If generating nonsense words is too costly, I believe that simply adding random numbers or letters, or not fixing the position of capital letters, can greatly reduce potential security risks.

Relying on passphrases just because they’re easy to memorize seems to me like a misuse of autofill features. Even if it’s not a misuse, we shouldn’t forget that if such a password is ever exposed offline, it’s also easy for any bystander to memorize.

Um, did you read the whole thread? Because I have the impression (trying to find a neutral phrase here) the posts from the other posters already dissected the main argument… :sweat_smile:

Absolutely true. As I said a week ago, don’t use passphrases if you plan to auto-fill. The idea behind passphrases is to have something easy to remember, easy to type and easy to communicate.
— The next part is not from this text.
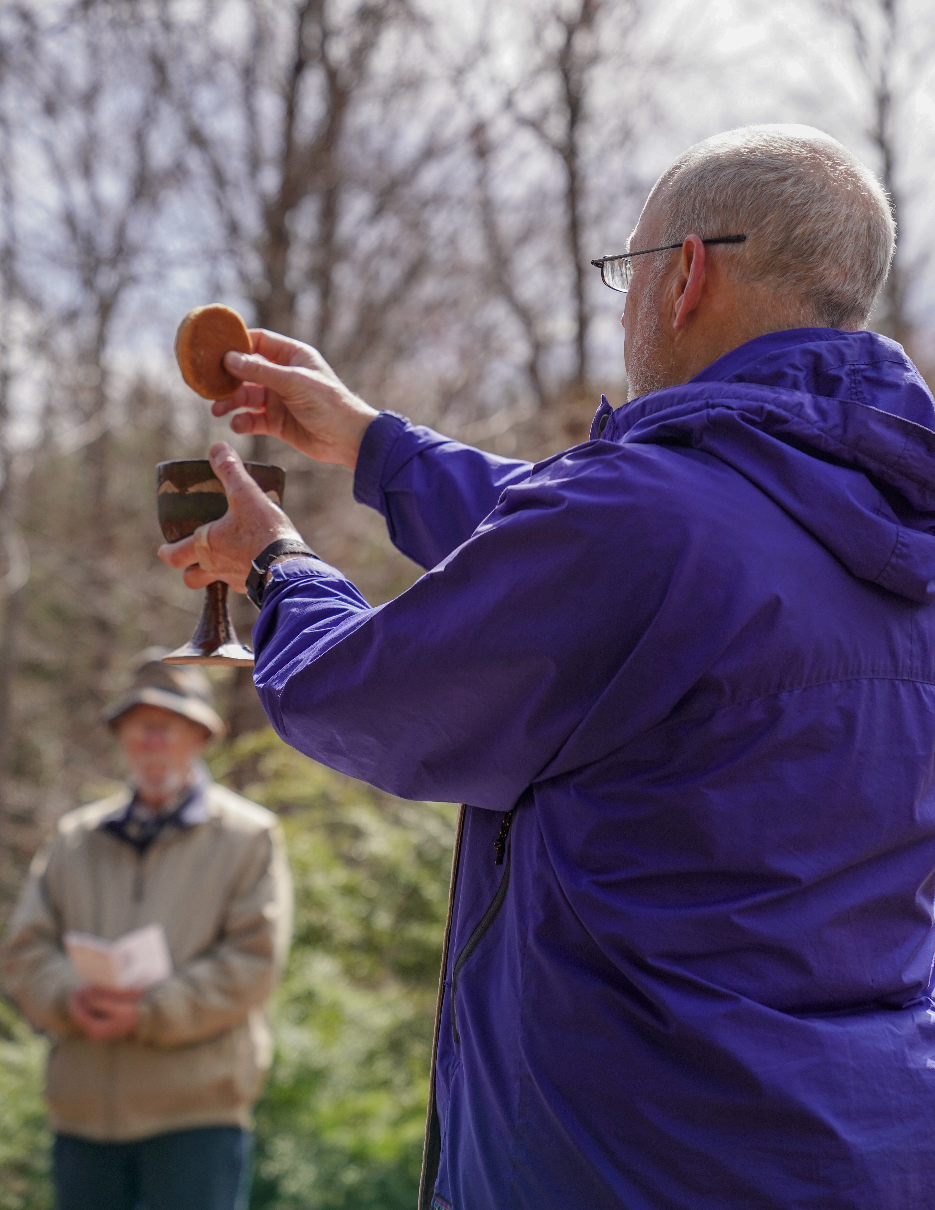 “Our practice at Church of the Woods is that the first piece of Christ’s body, of the bread, is offered back to the earth herself, in recognition that this meal is intended to heal the whole world, and not only the human beings,” says Blackmer. “And the second bit goes to our faithful Molly. And then we pass around the bread and the wine and we serve each other.”

None of those benefit auto-filling, so a complex password is the better choice.

Passphrases leverage the observation that “humans are terrible at remembering random combinations of letters and numbers, but we are great at remembering phrases of words” [cite].

Let’s do a bit of quick math to see how your suggested options would strengthen things:

  • ~5 bits would be added for randomly capitalizing one of the 31 letters (=log2(31)), plus
  • ~3.3 bits for adding a random digit (=log2(10)), plus
  • ~3.3 bits for placing the digit in one of 10 positions (before or after one of 5 words).

In total, the suggested options add ~11.6 bits of additional entropy.

On the other hand, adding a sixth random diceware word, adds ~12.8 bits of entropy (=log2(7776)), which raises the bar a similar amount (~1 bit more, actually).

So, these have similar strength:

  1. hoRse correct battery staple9 onion
  2. horse 2correct battery Staple onion
  3. horse correct battery staple onion probation

Which would you find easier to remember, type and communicate? That is the secret-sauce in passphrases – make it easier for humans by adding length and ditch the complexity.

And, before this conversation derails again, don’t actually use a password derived from a cartoon. Although the author indicates horse... was randomly generated, the fact that it is publicly known makes it worth less.

This topic was automatically closed 7 days after the last reply. New replies are no longer allowed.